(Data segment begins)
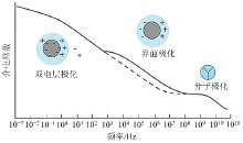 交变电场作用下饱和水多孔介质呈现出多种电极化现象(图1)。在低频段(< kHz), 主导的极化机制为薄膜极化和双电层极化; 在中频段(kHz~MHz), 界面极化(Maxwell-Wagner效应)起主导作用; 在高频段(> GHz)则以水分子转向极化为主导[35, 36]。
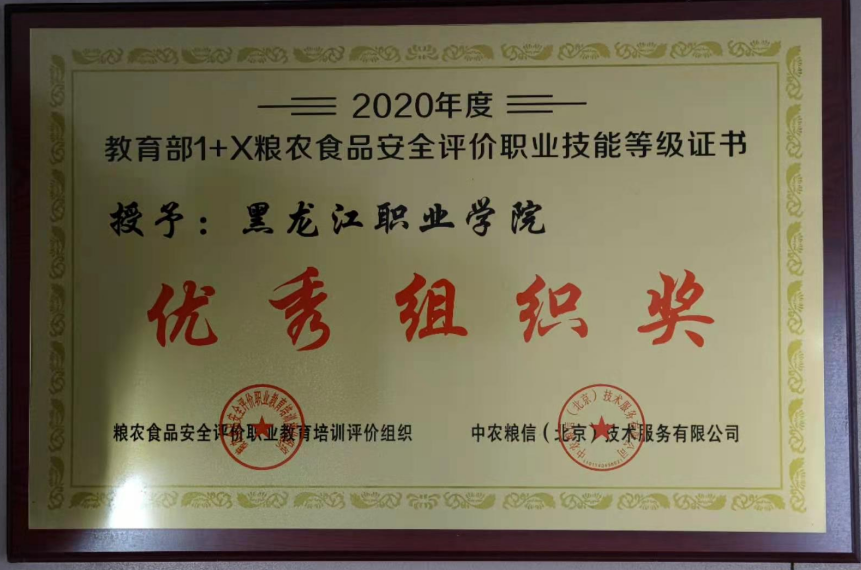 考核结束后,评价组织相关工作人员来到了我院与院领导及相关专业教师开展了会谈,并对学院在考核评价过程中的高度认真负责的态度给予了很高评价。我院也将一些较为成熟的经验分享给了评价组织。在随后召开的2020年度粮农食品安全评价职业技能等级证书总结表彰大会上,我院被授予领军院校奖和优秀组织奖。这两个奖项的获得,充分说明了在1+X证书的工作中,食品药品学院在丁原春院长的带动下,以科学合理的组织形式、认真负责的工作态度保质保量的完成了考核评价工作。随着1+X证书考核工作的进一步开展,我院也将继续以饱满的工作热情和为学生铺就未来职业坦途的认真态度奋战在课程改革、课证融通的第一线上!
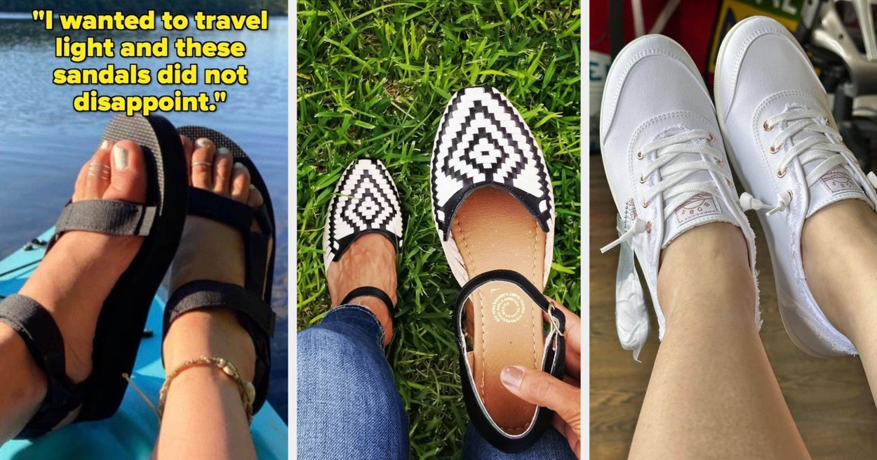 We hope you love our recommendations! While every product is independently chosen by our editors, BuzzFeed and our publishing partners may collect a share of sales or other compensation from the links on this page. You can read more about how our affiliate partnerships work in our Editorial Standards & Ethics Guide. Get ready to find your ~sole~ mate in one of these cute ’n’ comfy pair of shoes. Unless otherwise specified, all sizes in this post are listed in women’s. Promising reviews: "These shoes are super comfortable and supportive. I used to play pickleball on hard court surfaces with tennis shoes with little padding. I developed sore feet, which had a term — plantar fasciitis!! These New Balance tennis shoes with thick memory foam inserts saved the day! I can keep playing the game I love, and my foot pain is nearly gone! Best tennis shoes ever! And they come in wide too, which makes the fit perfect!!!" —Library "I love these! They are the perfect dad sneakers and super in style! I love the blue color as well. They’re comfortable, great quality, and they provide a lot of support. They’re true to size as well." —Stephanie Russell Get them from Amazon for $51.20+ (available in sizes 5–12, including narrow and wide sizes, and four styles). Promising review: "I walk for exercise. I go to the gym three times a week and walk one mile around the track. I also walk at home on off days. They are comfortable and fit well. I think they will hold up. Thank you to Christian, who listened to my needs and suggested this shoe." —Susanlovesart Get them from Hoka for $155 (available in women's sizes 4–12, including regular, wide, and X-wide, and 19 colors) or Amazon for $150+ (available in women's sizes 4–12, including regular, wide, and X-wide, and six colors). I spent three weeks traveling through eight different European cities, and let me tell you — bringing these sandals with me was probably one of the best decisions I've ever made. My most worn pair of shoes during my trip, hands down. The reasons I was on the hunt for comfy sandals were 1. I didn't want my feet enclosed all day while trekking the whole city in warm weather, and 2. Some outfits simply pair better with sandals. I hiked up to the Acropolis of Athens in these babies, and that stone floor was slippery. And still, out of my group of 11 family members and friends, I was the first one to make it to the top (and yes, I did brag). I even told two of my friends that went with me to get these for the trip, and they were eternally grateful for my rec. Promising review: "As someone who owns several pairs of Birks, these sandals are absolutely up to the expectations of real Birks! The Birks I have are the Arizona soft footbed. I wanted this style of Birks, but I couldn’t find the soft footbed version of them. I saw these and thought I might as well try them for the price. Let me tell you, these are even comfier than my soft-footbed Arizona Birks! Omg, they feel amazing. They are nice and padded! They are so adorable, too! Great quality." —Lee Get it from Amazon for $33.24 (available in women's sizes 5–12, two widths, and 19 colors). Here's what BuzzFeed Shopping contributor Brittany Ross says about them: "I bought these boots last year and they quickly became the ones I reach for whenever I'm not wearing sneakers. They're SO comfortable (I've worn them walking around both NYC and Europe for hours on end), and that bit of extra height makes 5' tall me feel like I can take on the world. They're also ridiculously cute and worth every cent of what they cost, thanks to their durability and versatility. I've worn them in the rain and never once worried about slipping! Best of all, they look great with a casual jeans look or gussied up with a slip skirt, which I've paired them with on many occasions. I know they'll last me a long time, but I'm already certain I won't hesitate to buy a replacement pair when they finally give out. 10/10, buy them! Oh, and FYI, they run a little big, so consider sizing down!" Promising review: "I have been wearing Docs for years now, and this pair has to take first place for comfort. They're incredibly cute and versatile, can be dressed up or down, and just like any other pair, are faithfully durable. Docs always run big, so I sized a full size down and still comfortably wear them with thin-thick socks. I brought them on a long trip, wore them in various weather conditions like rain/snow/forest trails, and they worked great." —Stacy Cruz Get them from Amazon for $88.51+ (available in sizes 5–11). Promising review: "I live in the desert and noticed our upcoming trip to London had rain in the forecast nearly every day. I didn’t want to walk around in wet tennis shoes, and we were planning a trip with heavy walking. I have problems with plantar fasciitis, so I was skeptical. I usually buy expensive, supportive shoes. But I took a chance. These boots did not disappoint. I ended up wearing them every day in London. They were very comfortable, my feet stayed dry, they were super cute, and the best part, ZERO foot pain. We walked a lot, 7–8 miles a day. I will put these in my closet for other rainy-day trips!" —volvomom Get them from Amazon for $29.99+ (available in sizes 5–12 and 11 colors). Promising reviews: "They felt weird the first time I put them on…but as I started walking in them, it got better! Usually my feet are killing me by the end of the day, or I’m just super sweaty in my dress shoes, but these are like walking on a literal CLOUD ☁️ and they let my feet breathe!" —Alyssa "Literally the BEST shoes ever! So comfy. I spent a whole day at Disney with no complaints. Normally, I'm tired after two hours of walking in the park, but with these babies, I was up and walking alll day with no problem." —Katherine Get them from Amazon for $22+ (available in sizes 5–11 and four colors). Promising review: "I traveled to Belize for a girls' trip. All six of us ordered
(Data segment ends)
Exercise instructions
Only lines go in the copy, not pictures. Transcribe exactly from the start of the listing through the line containing "考核结束后,评价组织相关工作".

Expected answer
 交变电场作用下饱和水多孔介质呈现出多种电极化现象(图1)。在低频段(< kHz), 主导的极化机制为薄膜极化和双电层极化; 在中频段(kHz~MHz), 界面极化(Maxwell-Wagner效应)起主导作用; 在高频段(> GHz)则以水分子转向极化为主导[35, 36]。
 考核结束后,评价组织相关工作人员来到了我院与院领导及相关专业教师开展了会谈,并对学院在考核评价过程中的高度认真负责的态度给予了很高评价。我院也将一些较为成熟的经验分享给了评价组织。在随后召开的2020年度粮农食品安全评价职业技能等级证书总结表彰大会上,我院被授予领军院校奖和优秀组织奖。这两个奖项的获得,充分说明了在1+X证书的工作中,食品药品学院在丁原春院长的带动下,以科学合理的组织形式、认真负责的工作态度保质保量的完成了考核评价工作。随着1+X证书考核工作的进一步开展,我院也将继续以饱满的工作热情和为学生铺就未来职业坦途的认真态度奋战在课程改革、课证融通的第一线上!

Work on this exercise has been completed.